Fast transforms for high order boundary conditions
For image deblurring, this work provides a faster and more accurate boundary treatment than existing methods, though it is an incremental extension of prior antireflective models.
This paper extends antireflective boundary conditions for blurring models to preserve higher-degree polynomials while maintaining FFT-level computational complexity, and demonstrates effectiveness in Tikhonov regularization with generalized cross validation.
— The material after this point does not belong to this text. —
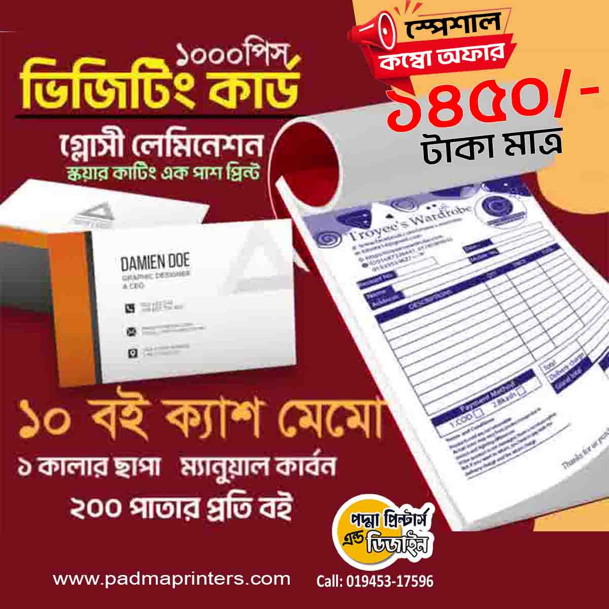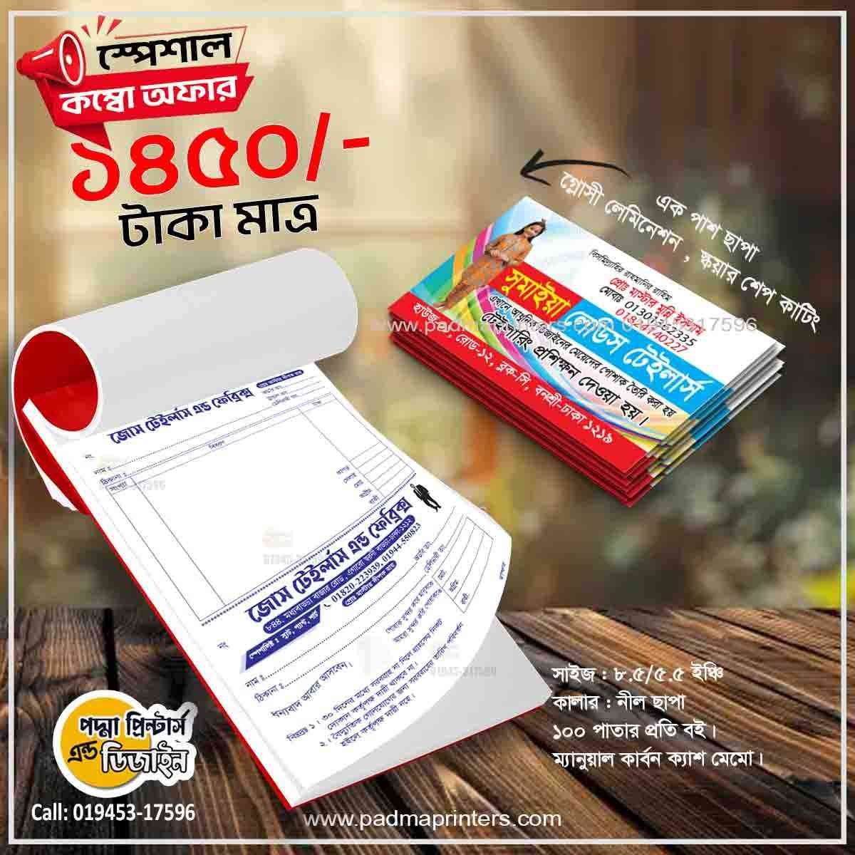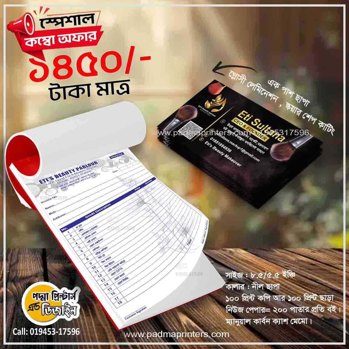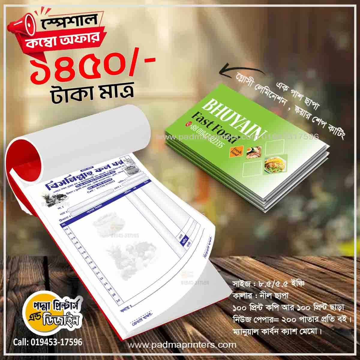 (1000পিস ভিজিটিং কার্ড এবং 1000পিস ক্যাশ মেমো )

We study strategies for increasing the precision in the blurring models by maintaining a complexity in the related numerical linear algebra procedures (matrix-vector product, linear system solution, computation of eigenvalues etc.) of the same order of the celebrated Fast Fourier Transform. The key idea is the choice of a suitable functional basis for representing signals and images. Starting from an analysis of the spectral decomposition of blurring matrices associated to the antireflective boundary conditions introduced in [S. Serra Capizzano, SIAM J. Sci. Comput. 25-3 pp. 1307--1325], we extend the model for preserving polynomials of higher degree and fast computations also in the nonsymmetric case. We apply the proposed model to Tikhonov regularization with smoothing norms and the generalized cross validation for choosing the regularization parameter. A selection of numerical experiments shows the effectiveness of the proposed techniques.